Map showing percentage of the population aged ≥18 years with BMI less than 18.5
Access to clean fuels: Percentage of the population with access to clean fuels and technologies for cooking.
Income inequality: GINI index is shown where 0 is perfect equality and 100 is perfect inequality.
Living in poverty: Percentage of the population living below the international poverty line, which is defined as living on $1.90 per day (at 2017 purchasing power parity).
Access to social protection: Percentage of the population covered by at least one social protection benefit.
Living in slums: Percentage of the urban population living in slums.
Undernutrition: Percentage of the population that is underweight (BMI <18.5), among people aged ≥18 years.
Source: World Bank Sustainable Development Goals Database (http://datatopics.worldbank.org/sdgs/); the WHO Global Health Observatory (https://www.who.int/data/gho)

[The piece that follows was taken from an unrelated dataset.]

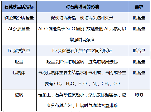 石英坩堝對于石英砂的品質需求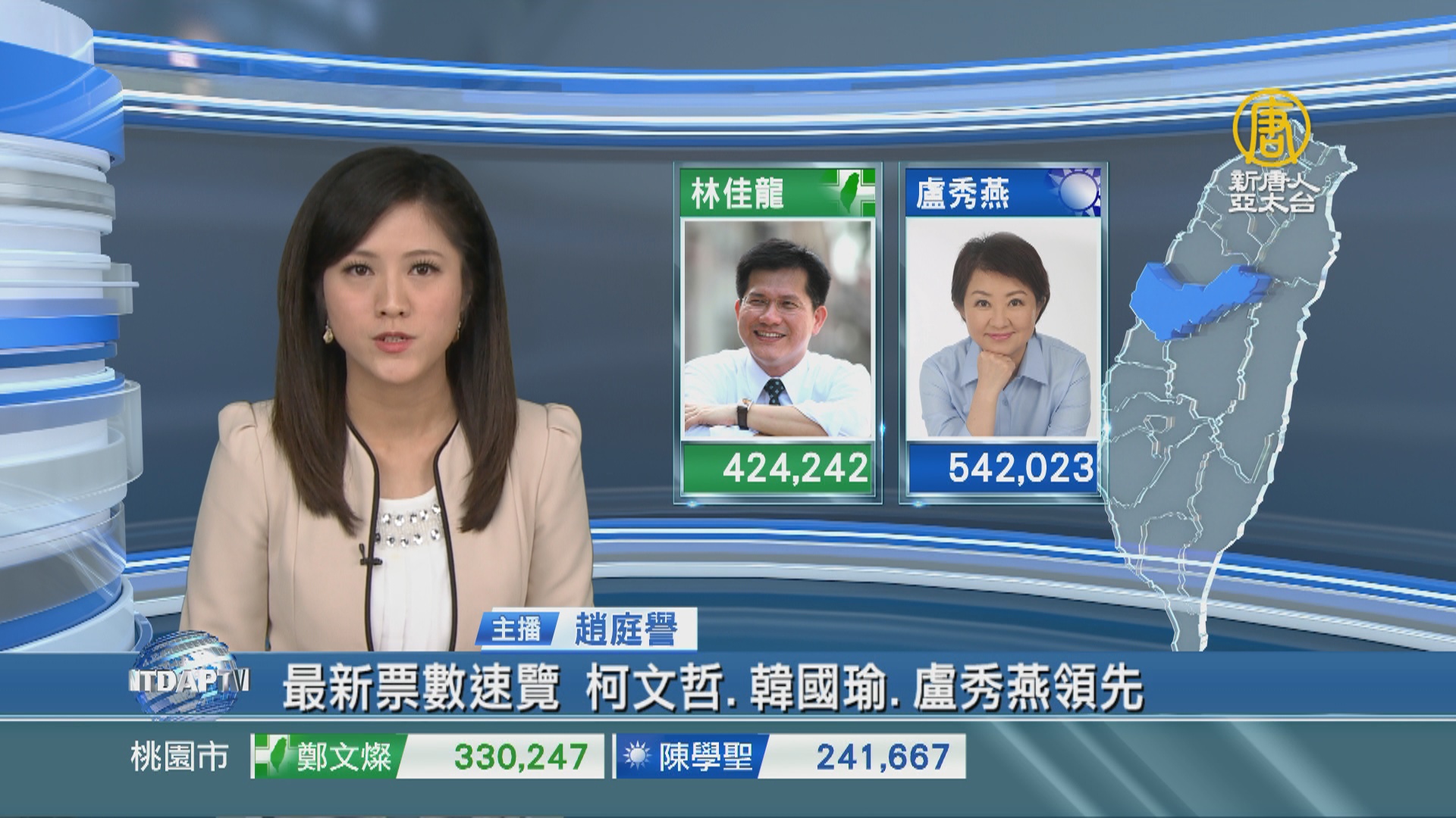 【新唐人亞太台 2018 年 11 月 24 日訊】好,趕快來看到,目前開票的最新情況,先來看到的是台北市長的部分,現任的台北市長柯文哲是微幅領先,票數來到40萬8千939票,國民黨丁守中,是緊追在後,票數來到40萬1千82票,只相差七千票左右,再來是民進黨的候選人姚文智,票數來到17萬9千993票,持續落後。|再來看到高雄市長的部分,國民黨候選人韓國瑜,票數來到44萬3千891票,目前已經超越民進黨候選人陳其邁的41萬9千633票。|再來看到台中的部分,現任市長,民進黨候選人林佳龍,票數來到了42萬4千242票,落後國民黨盧秀燕,現在盧秀燕的票數是:54萬2千23票。

The most recent data for undernutrition and five socioeconomic indicators associated with TB incidence are shown for the 30 high TB burden countries in Fig. 5.3.6. To facilitate comparisons with two indicators for which the ideal value is 100 (the percentage of the population with access to social protection and the percentage of the population with access to clean fuels), three of the other indicators (the percentage of the urban population living in slums, the percentage of the population with undernutrition and the percentage of the population living below the international poverty line) are represented as their inverse (i.e. the percentage of the urban population not living in slums, the percentage of the population with adequate nutrition and the percentage of the population living above the poverty line). An inverse of the GINI index (a measure of income inequality, which can take values from 0 to 100) is also shown. All indicator values in the figure are for the general population as opposed to people with TB; values for people with TB specifically (e.g. out-of-pocket expenditure and access to social protection) may differ from these general values.

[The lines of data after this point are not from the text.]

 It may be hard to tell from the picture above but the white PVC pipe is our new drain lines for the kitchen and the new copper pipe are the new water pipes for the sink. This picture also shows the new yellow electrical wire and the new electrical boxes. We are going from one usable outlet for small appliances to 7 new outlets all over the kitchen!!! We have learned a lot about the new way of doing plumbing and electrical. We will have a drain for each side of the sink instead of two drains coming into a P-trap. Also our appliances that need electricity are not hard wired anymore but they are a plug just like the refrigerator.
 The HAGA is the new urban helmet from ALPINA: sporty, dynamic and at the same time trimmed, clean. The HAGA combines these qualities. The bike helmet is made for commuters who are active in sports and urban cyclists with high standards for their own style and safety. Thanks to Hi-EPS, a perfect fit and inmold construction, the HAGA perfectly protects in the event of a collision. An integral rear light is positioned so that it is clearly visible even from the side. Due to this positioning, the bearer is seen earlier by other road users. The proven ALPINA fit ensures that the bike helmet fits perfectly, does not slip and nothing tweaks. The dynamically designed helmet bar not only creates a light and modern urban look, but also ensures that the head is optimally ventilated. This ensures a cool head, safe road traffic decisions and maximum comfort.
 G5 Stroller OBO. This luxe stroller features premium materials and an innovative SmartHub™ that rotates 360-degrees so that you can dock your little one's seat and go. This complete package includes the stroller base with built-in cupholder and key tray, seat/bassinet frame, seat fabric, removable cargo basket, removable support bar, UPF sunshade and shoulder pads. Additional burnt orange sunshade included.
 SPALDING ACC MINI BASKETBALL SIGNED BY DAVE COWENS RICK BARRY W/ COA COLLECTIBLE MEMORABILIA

Clean fuels: Percentage of population with access to clean fuels and technologies for cooking.
Income equality: An inverse GINI index is shown where 0 is perfect income inequality and 100 is perfect income equality.
Not in poverty: Percentage of population living above the international poverty line, which is defined as living on $1.90 per day (at 2017 purchasing power parity).
Social protection: Percentage of the population covered by at least one social protection benefit.
Not in slums: Percentage of urban population not living in slums.
Adequate nutrition: Prevalence of BMI ≥18.5 among people aged ≥18 years.
Source: World Bank Sustainable Development Goals Database (http://datatopics.worldbank.org/sdgs/); the WHO Global Health Observatory (https://www.who.int/data/gho)


Based on the latest available data in the World Bank database, some upper-middle-income and lower-middle-income countries (e.g. Brazil, China, India, Indonesia, Mongolia, South Africa, Thailand and Viet Nam) appear to be performing relatively well in terms of the selected SDG-related indicators. However, values for poor populations and other groups most at risk of developing TB are likely to be worse than national averages. Addressing the broader social and economic determinants of the TB epidemic requires multisectoral action and accountability. Global and national progress in adapting and using the WHO multisectoral accountability framework for TB (MAF-TB) is discussed in Section 5.4.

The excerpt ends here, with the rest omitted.